なお、人名を原文のラテン語のままでいえば、本作の題名は『アルトゥルスの甥ワルウアニウスの成長』[2][3]である。

作品の成立[編集]

中世ラテン語『ガウェインの成長』は、14世紀初期の写本が唯一残されている。ブルース(J. D. Bruce)やルーミス (Roger Sherman Loomisは、作中に登場する服装や船舶の様式から、物語の成立は、それより早い13世紀だとみる[1] 。しかし成立以前よりすでに広く読まれていたジェフリー・オブ・モンマスの『ブリタニア列王伝』から古様式の描写を借用した可能性もあり、揺るがない論考とは言えない[1]

16世紀、ジョン・ベイルが著した英文学総覧は、この物語の作者をモン・サン・ミシェルで1154年から1186年まで大修道院長であったロベール・ド・トリニー(仏 Robert de Torigny)だと断じている。ロベールが著者という傍証は、これ以外になにもなく、成立時期も一般にはこの人物の死後と推定されている。だが少なくともこれと似通った教養と趣味関心をもつ聖職者が執筆したことは間違いなかろう[1]

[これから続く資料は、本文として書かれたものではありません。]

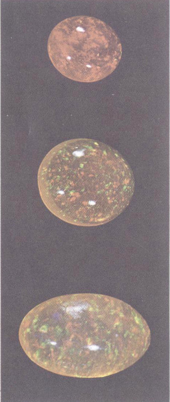 | Opal | 6 | 2.10 | 1.45 | None | Low | Red, dark gray, orange, white, with or without varicolored fire |

『ガウェインの成長』と同じ作者は、ほかにもラテン語『メリアドク物語』(羅 Historia Meriadoci; 英 The Story of Meriadoc)を著したとされている[4]

あらすじ[編集]

出生[編集]

ウーゼル王の御世、ウーゼルの娘アンナはオークニーのロット王と恋に落ち、結婚前だというのに妊娠してしまう。これはまずい、とアンナは生まれてきた子供に「ワルウアニウス Waluuanius すなわちガウェイン」と名づけると、エメラルドの認印指輪(シグネットリング)と、子供の素性を証明する手紙を書き、商人に預けることにした。商人の船は無事にガリアナルボンヌの近くに入港したが、そのとき船に残された赤ん坊を、通りすがりの漁師が連れ去ってしまう。この漁師はウィアムンドゥス(Viamundus、「世の道」[5])という名前で、識字能力もあったのでアンナの手紙を読み、ガウェインを自分の子供として育てることにした。ただ、アンナの手紙には、その子に本当の素性を打ち明けてはならない、と書かれていたため、漁師からはとうとう名前を付けてもらえず、単に「少年」とか「名無しの少年」(羅 Puer sine Nomine; 英訳 Boy with No Name)と呼ばれることになる。

ローマ篇[編集]

7年後、ウィアムンドゥスは「少年」をローマで扶養することにし、ローマへ向かった。「少年」とともに着服した財宝は、それまで使う勇気がなかったが、このときとばかりと奮起して、それをつかって相応の身なりとお供をととのえ、ガリアの貴族を騙った。そしてみごとローマ帝国にとりいり、軍人として栄達、さらには皇帝と教皇の友人となった。のち、少年が12歳の時ウィアムンドゥスは重病にかかってしまう。死の淵でウィアムンドゥスは皇帝に「少年」の指輪と手紙を渡し、「少年」の出生を説明すると、皇帝はいつの日か少年を彼の叔父であるブリタニアのアーサーに送ることを約束するのだった。これ以降、皇帝が少年の養父となることになる。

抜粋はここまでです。